* [Your task]: Omit the images and return the remaining entries unchanged.

[[ The records open ]]

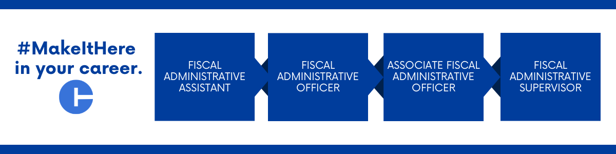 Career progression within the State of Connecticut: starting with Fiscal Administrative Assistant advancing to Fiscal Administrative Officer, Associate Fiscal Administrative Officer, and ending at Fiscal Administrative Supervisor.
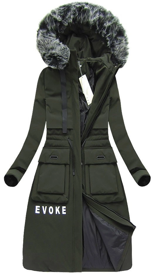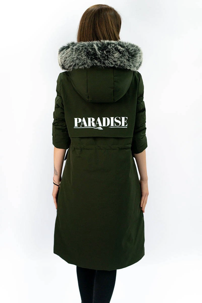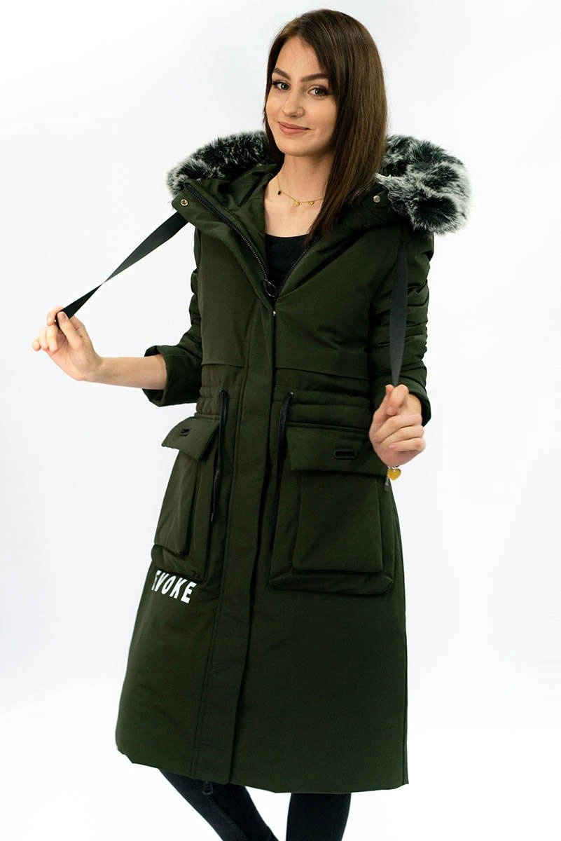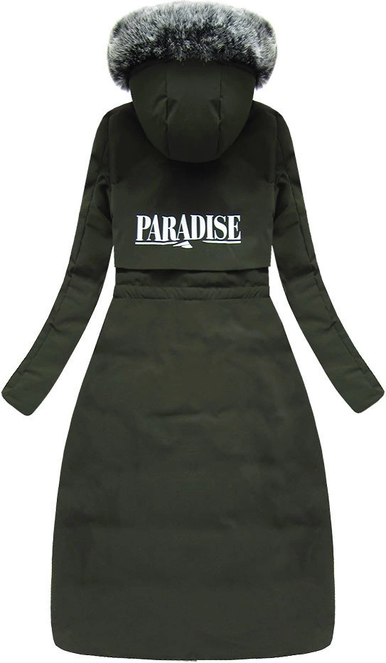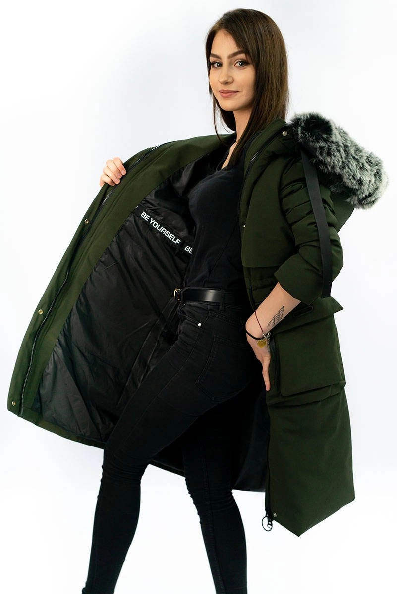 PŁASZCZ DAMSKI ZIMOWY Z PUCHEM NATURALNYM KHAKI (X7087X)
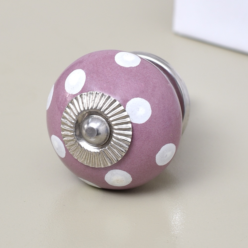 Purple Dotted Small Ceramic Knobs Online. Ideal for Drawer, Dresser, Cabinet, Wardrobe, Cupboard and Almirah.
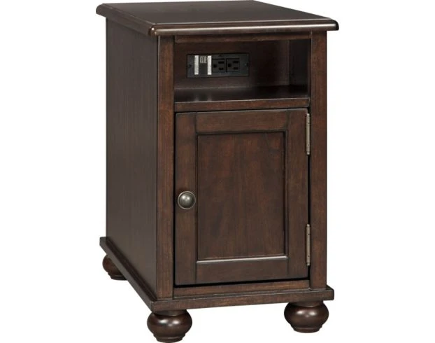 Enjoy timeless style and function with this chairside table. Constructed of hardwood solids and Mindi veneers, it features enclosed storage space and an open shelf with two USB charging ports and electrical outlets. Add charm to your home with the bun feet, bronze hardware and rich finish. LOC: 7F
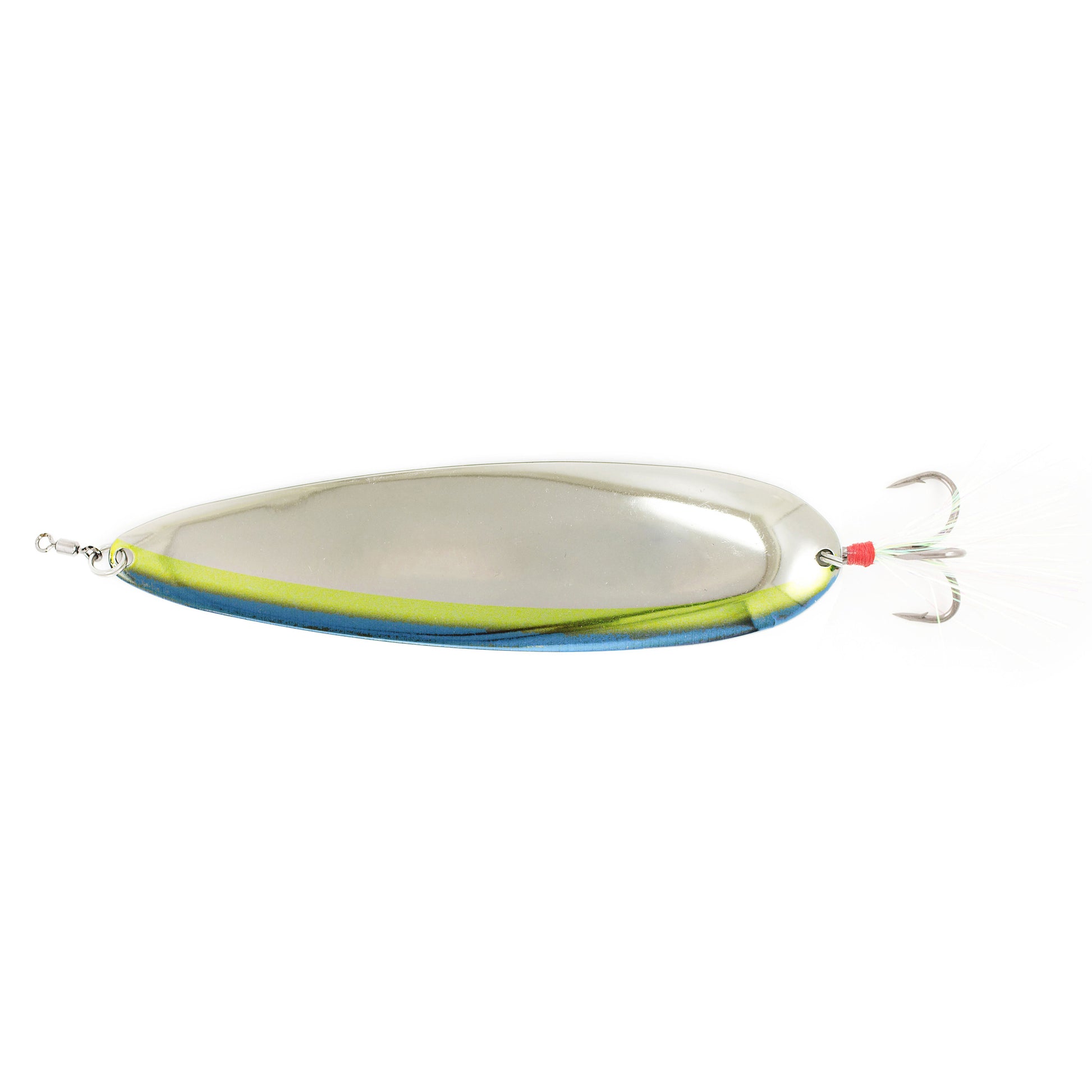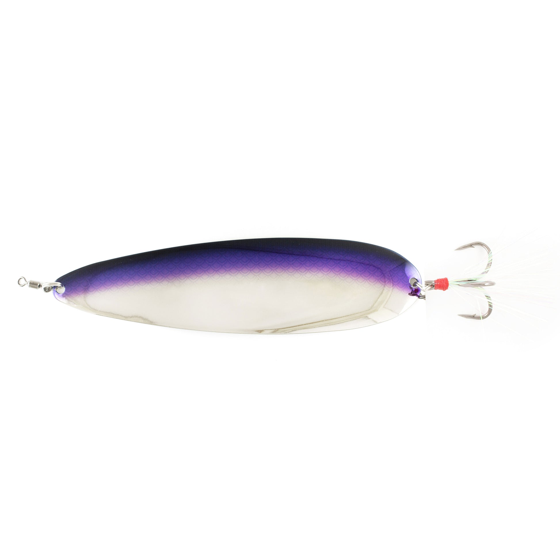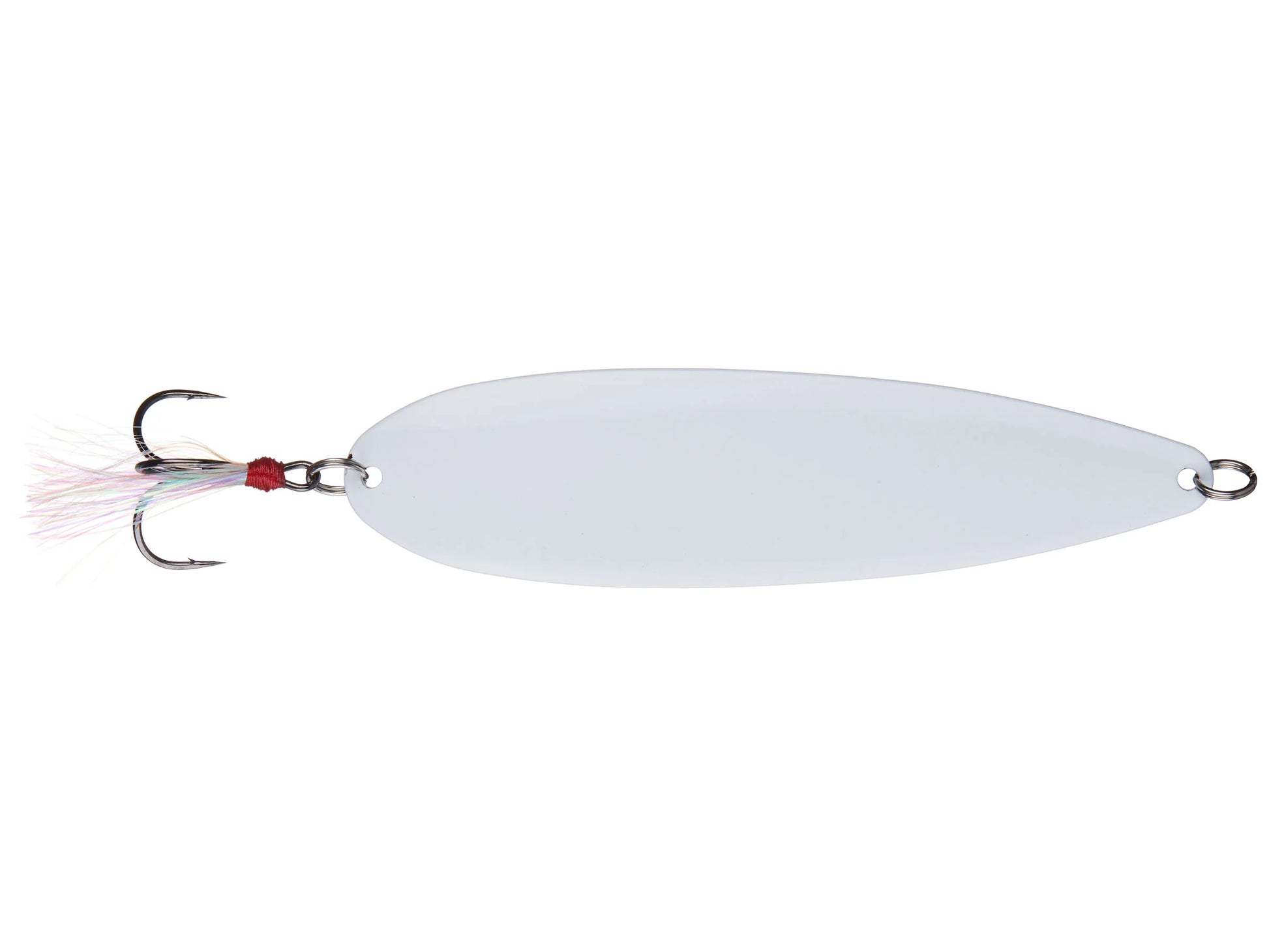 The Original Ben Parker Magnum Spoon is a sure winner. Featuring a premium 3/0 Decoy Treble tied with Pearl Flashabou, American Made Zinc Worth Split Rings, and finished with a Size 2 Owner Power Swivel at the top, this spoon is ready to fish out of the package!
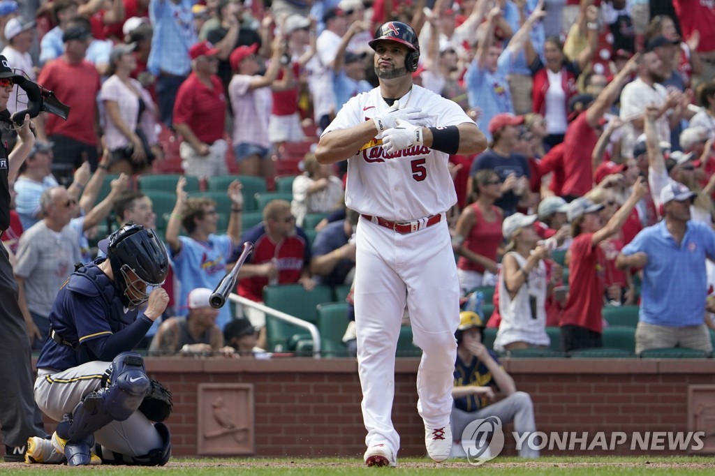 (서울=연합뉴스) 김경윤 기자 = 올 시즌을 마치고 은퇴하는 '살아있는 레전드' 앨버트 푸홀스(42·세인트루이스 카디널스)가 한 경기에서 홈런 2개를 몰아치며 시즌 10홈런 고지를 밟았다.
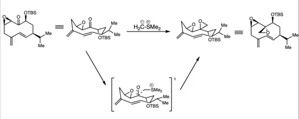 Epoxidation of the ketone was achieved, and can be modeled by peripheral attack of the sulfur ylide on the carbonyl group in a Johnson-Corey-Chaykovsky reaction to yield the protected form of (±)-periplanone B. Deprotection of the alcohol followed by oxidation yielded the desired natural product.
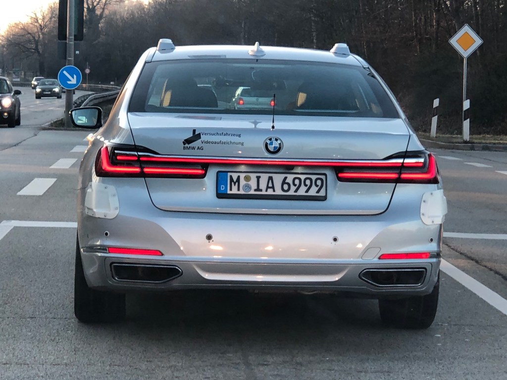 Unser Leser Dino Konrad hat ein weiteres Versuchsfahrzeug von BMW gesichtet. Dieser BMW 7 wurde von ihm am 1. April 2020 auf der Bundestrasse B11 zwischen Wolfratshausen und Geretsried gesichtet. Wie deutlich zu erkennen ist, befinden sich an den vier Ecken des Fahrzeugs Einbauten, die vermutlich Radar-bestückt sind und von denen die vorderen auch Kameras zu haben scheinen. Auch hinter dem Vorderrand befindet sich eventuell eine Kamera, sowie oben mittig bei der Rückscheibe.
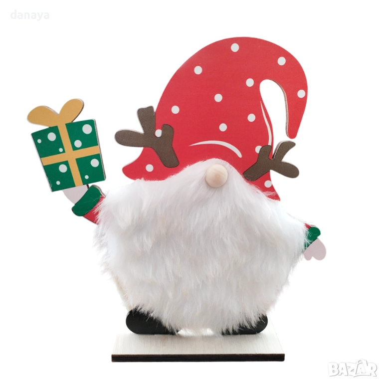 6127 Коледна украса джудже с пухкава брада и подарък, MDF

[[ The records closed ]]

* [Response to the task]:
 Career progression within the State of Connecticut: starting with Fiscal Administrative Assistant advancing to Fiscal Administrative Officer, Associate Fiscal Administrative Officer, and ending at Fiscal Administrative Supervisor.
 PŁASZCZ DAMSKI ZIMOWY Z PUCHEM NATURALNYM KHAKI (X7087X)
 Purple Dotted Small Ceramic Knobs Online. Ideal for Drawer, Dresser, Cabinet, Wardrobe, Cupboard and Almirah.
 Enjoy timeless style and function with this chairside table. Constructed of hardwood solids and Mindi veneers, it features enclosed storage space and an open shelf with two USB charging ports and electrical outlets. Add charm to your home with the bun feet, bronze hardware and rich finish. LOC: 7F
 The Original Ben Parker Magnum Spoon is a sure winner. Featuring a premium 3/0 Decoy Treble tied with Pearl Flashabou, American Made Zinc Worth Split Rings, and finished with a Size 2 Owner Power Swivel at the top, this spoon is ready to fish out of the package!
 (서울=연합뉴스) 김경윤 기자 = 올 시즌을 마치고 은퇴하는 '살아있는 레전드' 앨버트 푸홀스(42·세인트루이스 카디널스)가 한 경기에서 홈런 2개를 몰아치며 시즌 10홈런 고지를 밟았다.
 Epoxidation of the ketone was achieved, and can be modeled by peripheral attack of the sulfur ylide on the carbonyl group in a Johnson-Corey-Chaykovsky reaction to yield the protected form of (±)-periplanone B. Deprotection of the alcohol followed by oxidation yielded the desired natural product.
 Unser Leser Dino Konrad hat ein weiteres Versuchsfahrzeug von BMW gesichtet. Dieser BMW 7 wurde von ihm am 1. April 2020 auf der Bundestrasse B11 zwischen Wolfratshausen und Geretsried gesichtet. Wie deutlich zu erkennen ist, befinden sich an den vier Ecken des Fahrzeugs Einbauten, die vermutlich Radar-bestückt sind und von denen die vorderen auch Kameras zu haben scheinen. Auch hinter dem Vorderrand befindet sich eventuell eine Kamera, sowie oben mittig bei der Rückscheibe.
 6127 Коледна украса джудже с пухкава брада и подарък, MDF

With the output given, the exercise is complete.